Sunday, November 26, 2006

Catch them being good

I was the lead teacher at the Center for one and half years. With the help of an assistant teacher, everyday from Monday to Friday, we taught six children with Down syndrome. The children ages range from 4 to 9 years old. Since there were “only” six children in the classroom, we pretty much have the classroom under tight behavior control. There were unwritten rules and routines to everything that went on in the classroom. Some days, things went well in the class. Other days, I spent the entire journey home from the Center wondering what I did wrong or what I could have done differently. It was tough making sure that the students behaved appropriately in class:
a) Ensuring that they did not roll around on the floor when they should be sitting on a chair,
b) Ensuring that the students were lined up properly before going to the restroom to wash their hands before and after snack time,
c) Ensuring that they did not snatch one another’s snack,
d) Ensuring that they did not push or hit one another,
e) Ensuring that they shared the toys,
f) Ensuring a multitude of other things.

Looking back, I realized I had absolutely no training in classroom management. The classroom was under control because it was relatively small. I would also liked to believe that I built up a rapport with my students. And it was this rapport that smoothed things out in the classroom. I hoped it was because I gave them plenty of attention, so that they did not have to resort to problem behaviors to gain my attention. I hoped it was because the activities in the class were fun, so they did not have to resort to problem behaviors to escape the activities.

Even so, now that I know a little more, there are many things I could have done differently. However, if there is one intervention that I wish I had put in place at the Center, it is school-wide positive behavior support (SWPBS).

SWPBS emphasizes a proactive approach to school discipline and supporting students in schools. The SWPBS practices that I would have liked to implement at the Center are:

1) Define schoolwide behavioral expectations

I never explicitly taught my students what the expected behaviors were in the classroom. When they misbehaved, I would tell them what they did wrong. When they behaved appropriately, I may occasionally praise them. My expectations were for them behave appropriately in class. I just assumed that they knew my expectations, but I never told them what the appropriate behaviors were.

SWPBS recommends that behavioral expectations be written and posted throughout the school. The behavioral expectations should also be written in the positively. For example, Be Safe, Be Respectful, Be Responsible. The children are then taught these three expectations and to memorized them.

2) Teach the behavioral expectations

In terms of teaching appropriate social skills, I failed miserably. It is probably because I had no idea how to teach social skills. It always seemed to me that children learn social skills by observing the adults around them. This may be true, but some children require more concrete instruction and practice to learn these skills.

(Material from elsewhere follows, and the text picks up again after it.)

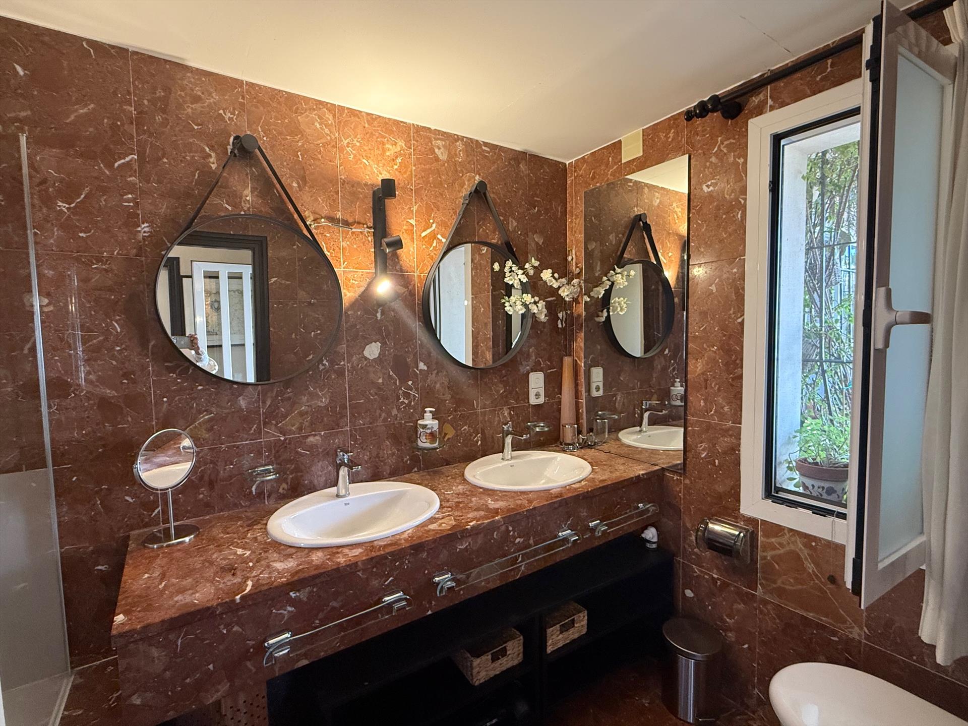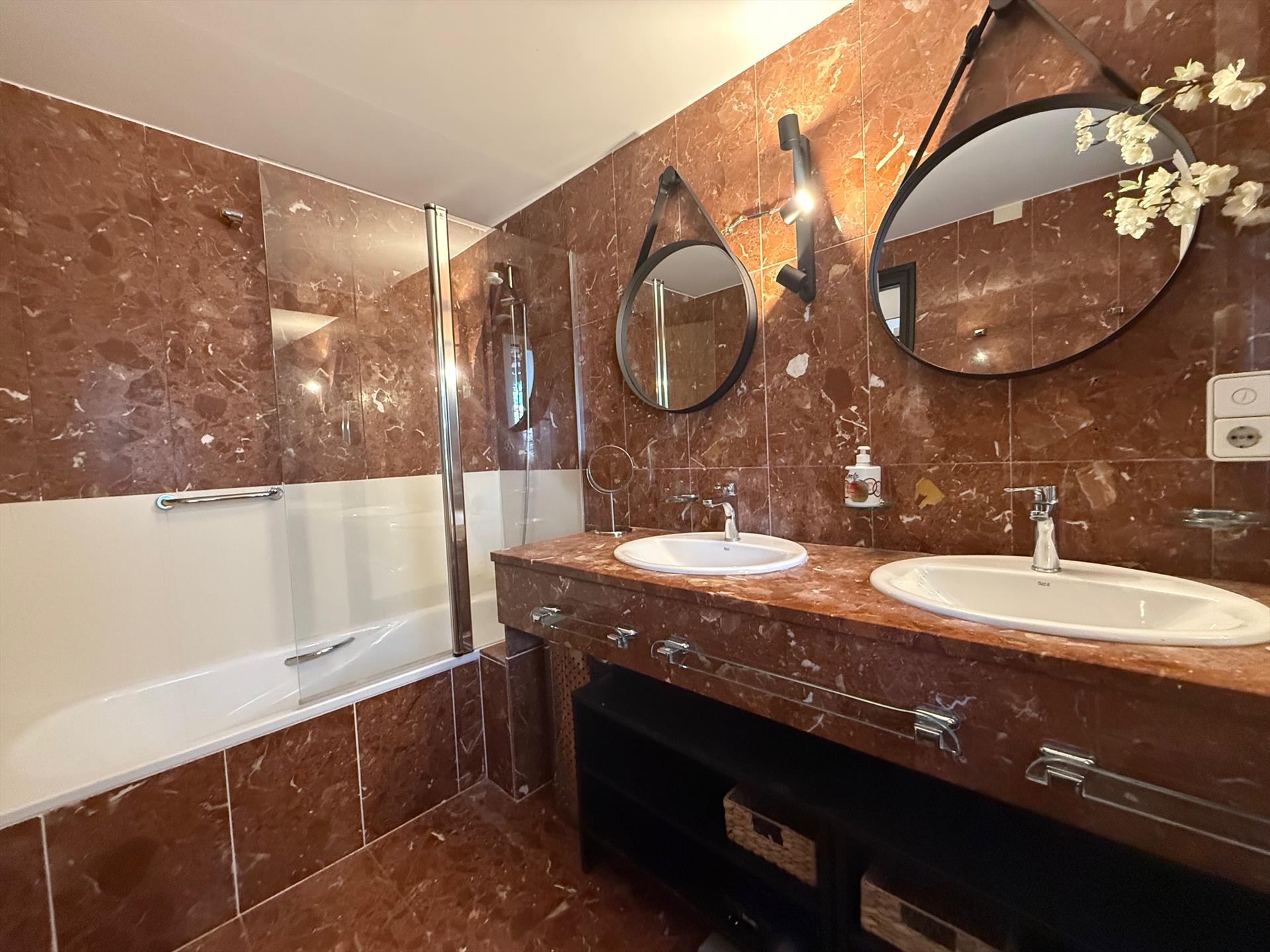 • Eigenes Bad mit Doppelwaschbecken, Badewanne/Duschkombination und WC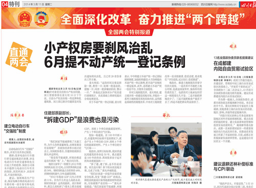 3月11日《四川日?qǐng)?bào)》頭版、04版和12日《四川日?qǐng)?bào)》05版兩會(huì)特刊,刊發(fā)了全國(guó)人大代表、中國(guó)五冶集團(tuán)董事長(zhǎng)、黨委書記程并強(qiáng)接受采訪的新聞。

With the three behavioral expectations, the children are then taught the behavioral expectations in different settings in the school. For example, Be Responsible in the classroom may be putting shoes and bags in the proper place, while Be Responsible in the restroom may be turning off the tap.

3) Monitor and encourage performance of expected behaviors

As for praising my students for behaving appropriately, I doubt I did enough of that. Just like most teachers, I probably paid more attention to inappropriate behavior, and did not catch my students behaving appropriately.

After teaching the students the behavioral expectations and modeling to them what each expectation looked like in different setting, I would also liked to implement a chart on the wall to monitor the students’ behaviors. For example, a student will earn a sticker for putting his/her shoes away. There will be a list of appropriate behaviors that will earn stickers. At the end of the day, the stickers will be added up for a bigger reward (e.g., snacks, extra play time, good behavior certificates, etc).

There is a lot of work involved in implementing SWPBS, but once it is in placed, the school environment is much more positive and pleasant. In many ways, it is the teachers’ behaviors that change in SWPBS. Teachers are required to start noticing and praising students being good. This may be harder to do then one might think. Often times it is easier to criticize then to praise.

Buzzword for this intervention:
Schoolwide Positive Behavior Support (SWPBS)

Saturday, November 18, 2006

Fighting over food

Kit was a 5-year-old child with autism who went to the House. Kit was very picky about food, due in part to the nature of autism (where change can be difficult) and the fact that Kit’s mom was a Japanese and he grew up eating Japanese-style food and not to the usual Malaysian fare. When unusual food was placed before him, Kit would throw a major temper tantrum. The House was insistent that Kit learned to eat various types of food. So during lunch, another teacher would be in charge of making sure Kit ate what was set before him. Since his mom usually packed lunch for him, usually Kit would have no problems with his food. However, when he sensed that something was not right with his food, he would throw a major tantrum. Because of the House’s policy, many times a piece of the undesired food was placed in his mouth, Kit would refuse to eat and swallow it but the teacher would not allow Kit to spit it out. The battle over that one piece of food would last through lunch and sometimes till afternoon lessons began. Kit would continue to hold that piece of food during lessons, and of course, he could not concentrate on his lessons at all during those times.

These food fights were happening too often. It was a very stressful time for both teachers and students. In the end, both parties lost. Precious time was spent on fighting a losing battle. Kit’s tantrums during meal times did not decrease, many a times, afternoon lessons were unfruitful, and teachers were very stressed out.

Kit’s parents had experienced times when they went out to a restaurant for dinner together, and Kit would freak out when some strange food was brought to their table. That caused tremendous embarassment to his parents and his parents were very reluctant to bring Kit out for meals together. So I do understand the House for trying to get Kit to eat as many different types of food as possible, but there is a better solution.

What would I do differently now?

Kit was a strong and healthy boy for his age. He was not malnourished, in fact, he was taller than most kids his age. Most people have some type of food that they absolutely hate, and no form of praise or force could make them eat it. And that is OK. So Kit is entitled to reject foods that he does not want (since his health has not been affected by his choices) and the teachers have no right to force him to eat anything.

Even without a functional behavioral assessment, it was obvious that Kit’s temper tantrums, both in the House and the restaurants, had an escape function. He was using his temper tantrums to avoid having to eat the undesired food items. So Kit should be taught a more appropriate and efficient form of escape. He could be taught to indicate that he did not want something, by either shaking his head or maybe by pushing the undesired food to the side. Since nutrition was not a problem here, the parents and teachers would have to respect Kit’s wishes and not force it down his throat. When Kit learns to communicate his wishes appropriately, and when the adults learn to listen and respect his wishes, I am sure meal times would be more pleasant for everyone.

I have learned since then to carefully pick and only fight battles that I know I can win (Sun Tzu’s Art of War), and fighting over food is a losing battle. Ultimately, it is his mouth and his decision to swallow the food. And as a teacher, you can only go so far as to persuade a child to do that, anything more would be abusive.